= THE TASK =
Here is the task for the records below: repeat exactly the lines from the one with "烹煮/預備食物時→少加鹽糖,多用天然食材調味" to the one with "Agua, Fructosa, Melatonina, Espesante", both included, and nothing else.

= DATASET CONTENT =
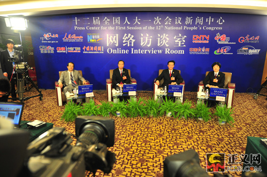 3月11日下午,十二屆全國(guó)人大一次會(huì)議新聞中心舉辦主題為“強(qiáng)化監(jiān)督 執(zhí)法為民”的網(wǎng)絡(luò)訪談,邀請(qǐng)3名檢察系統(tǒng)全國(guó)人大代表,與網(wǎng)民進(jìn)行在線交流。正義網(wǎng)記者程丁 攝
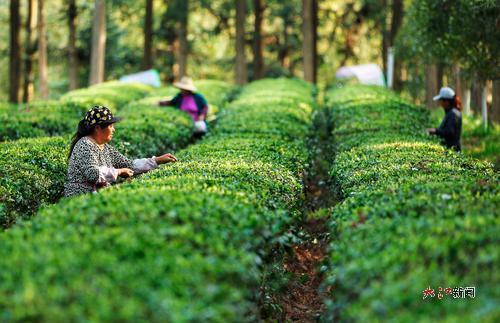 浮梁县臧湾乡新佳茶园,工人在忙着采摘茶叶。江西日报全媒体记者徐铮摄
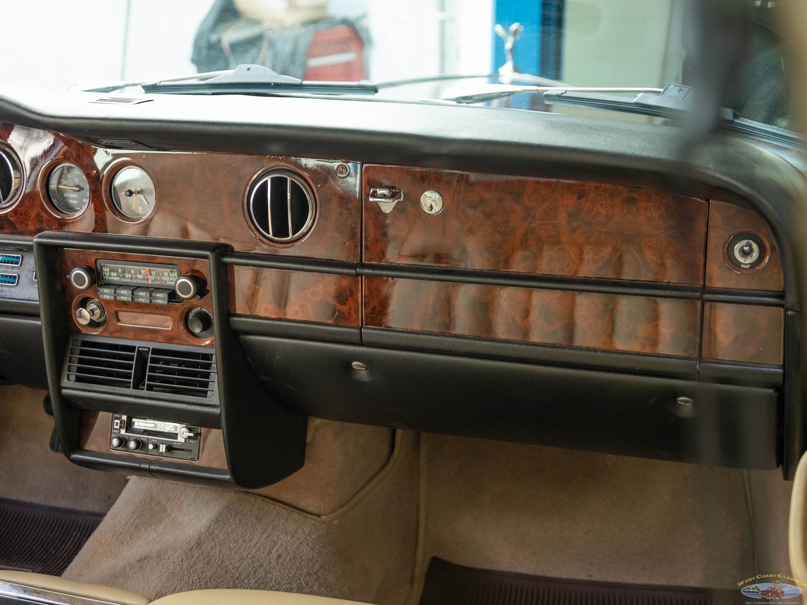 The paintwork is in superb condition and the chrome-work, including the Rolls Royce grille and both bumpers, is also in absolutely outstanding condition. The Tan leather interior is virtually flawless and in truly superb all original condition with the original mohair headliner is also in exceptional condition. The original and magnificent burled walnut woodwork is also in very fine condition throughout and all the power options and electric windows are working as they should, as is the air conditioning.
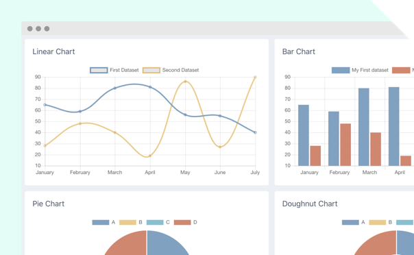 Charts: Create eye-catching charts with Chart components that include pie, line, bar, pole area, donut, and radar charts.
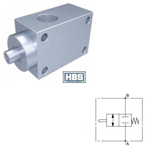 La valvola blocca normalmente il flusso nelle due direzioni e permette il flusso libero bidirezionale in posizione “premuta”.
...
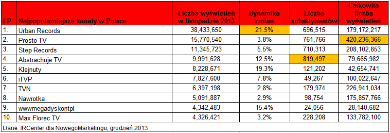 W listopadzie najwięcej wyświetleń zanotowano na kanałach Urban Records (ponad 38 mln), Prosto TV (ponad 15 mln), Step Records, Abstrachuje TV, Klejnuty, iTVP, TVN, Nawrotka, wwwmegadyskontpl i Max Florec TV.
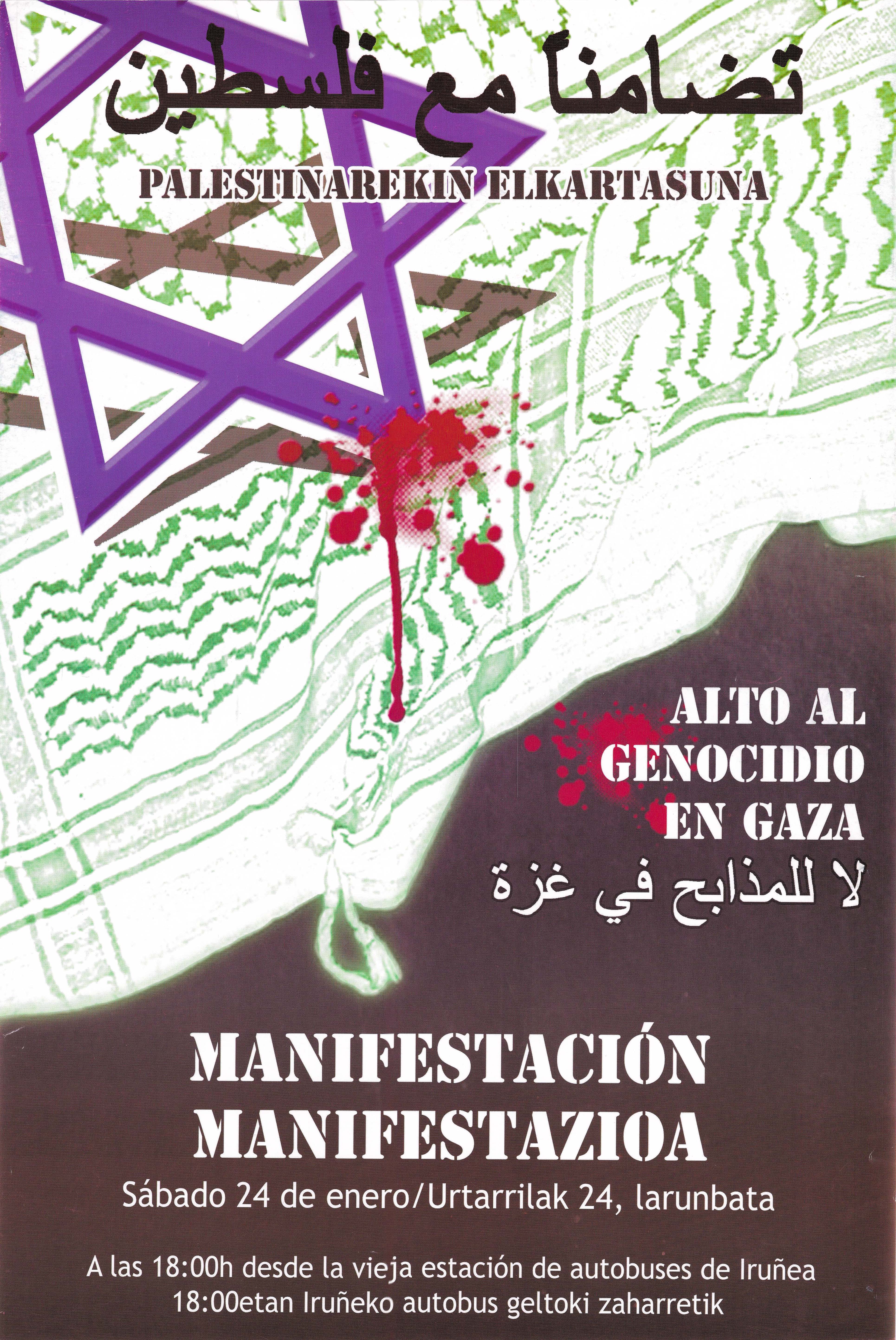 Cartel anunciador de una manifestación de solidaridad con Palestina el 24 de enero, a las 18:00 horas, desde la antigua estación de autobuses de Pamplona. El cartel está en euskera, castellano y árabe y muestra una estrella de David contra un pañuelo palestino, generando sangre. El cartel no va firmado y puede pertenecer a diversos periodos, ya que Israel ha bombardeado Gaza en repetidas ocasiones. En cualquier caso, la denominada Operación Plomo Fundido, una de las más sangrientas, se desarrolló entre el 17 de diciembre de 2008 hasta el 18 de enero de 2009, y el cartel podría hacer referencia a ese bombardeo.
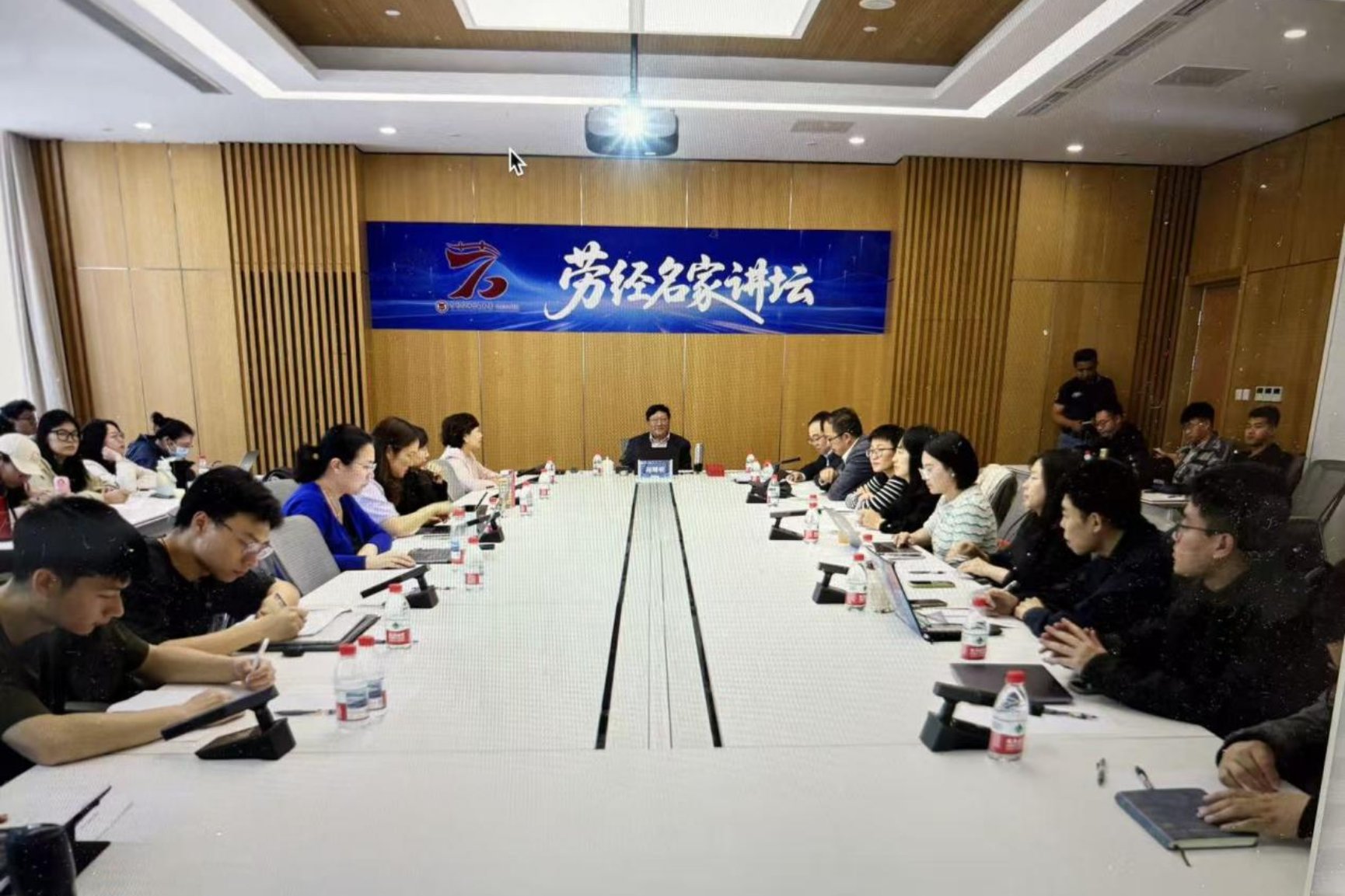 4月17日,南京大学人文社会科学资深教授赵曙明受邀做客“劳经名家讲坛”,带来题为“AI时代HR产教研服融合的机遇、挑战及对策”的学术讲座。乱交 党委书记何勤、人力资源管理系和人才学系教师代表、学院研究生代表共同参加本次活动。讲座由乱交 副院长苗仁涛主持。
* * *
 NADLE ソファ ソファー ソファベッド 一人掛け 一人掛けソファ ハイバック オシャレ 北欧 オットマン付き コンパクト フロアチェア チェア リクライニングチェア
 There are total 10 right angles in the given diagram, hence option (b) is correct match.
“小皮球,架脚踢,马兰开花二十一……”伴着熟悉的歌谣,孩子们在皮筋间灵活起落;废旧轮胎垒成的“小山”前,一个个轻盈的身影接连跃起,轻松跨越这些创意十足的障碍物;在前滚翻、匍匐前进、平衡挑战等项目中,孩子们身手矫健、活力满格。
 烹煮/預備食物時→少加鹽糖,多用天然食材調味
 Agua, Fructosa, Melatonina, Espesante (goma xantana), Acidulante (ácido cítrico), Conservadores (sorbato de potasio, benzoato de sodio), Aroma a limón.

= THE COMPLETED TASK =
 烹煮/預備食物時→少加鹽糖,多用天然食材調味
 Agua, Fructosa, Melatonina, Espesante (goma xantana), Acidulante (ácido cítrico), Conservadores (sorbato de potasio, benzoato de sodio), Aroma a limón.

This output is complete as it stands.